─── EXERCISE DATA
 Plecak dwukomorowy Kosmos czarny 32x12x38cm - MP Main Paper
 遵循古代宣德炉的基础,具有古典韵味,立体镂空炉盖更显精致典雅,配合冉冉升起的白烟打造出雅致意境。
──────
─── EXERCISE DATA
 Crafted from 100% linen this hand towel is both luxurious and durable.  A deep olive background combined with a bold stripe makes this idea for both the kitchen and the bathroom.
──────
─── EXERCISE DATA
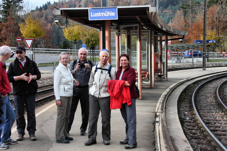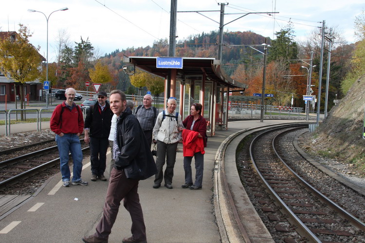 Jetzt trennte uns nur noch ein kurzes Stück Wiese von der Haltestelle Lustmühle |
──────
Take the lines above from the one containing "Plecak dwukomorowy Kosmos" to the one containing "遵循古代宣德炉的基础,具有古" and retype them exactly, both ends included, with nothing added.

 Plecak dwukomorowy Kosmos czarny 32x12x38cm - MP Main Paper
 遵循古代宣德炉的基础,具有古典韵味,立体镂空炉盖更显精致典雅,配合冉冉升起的白烟打造出雅致意境。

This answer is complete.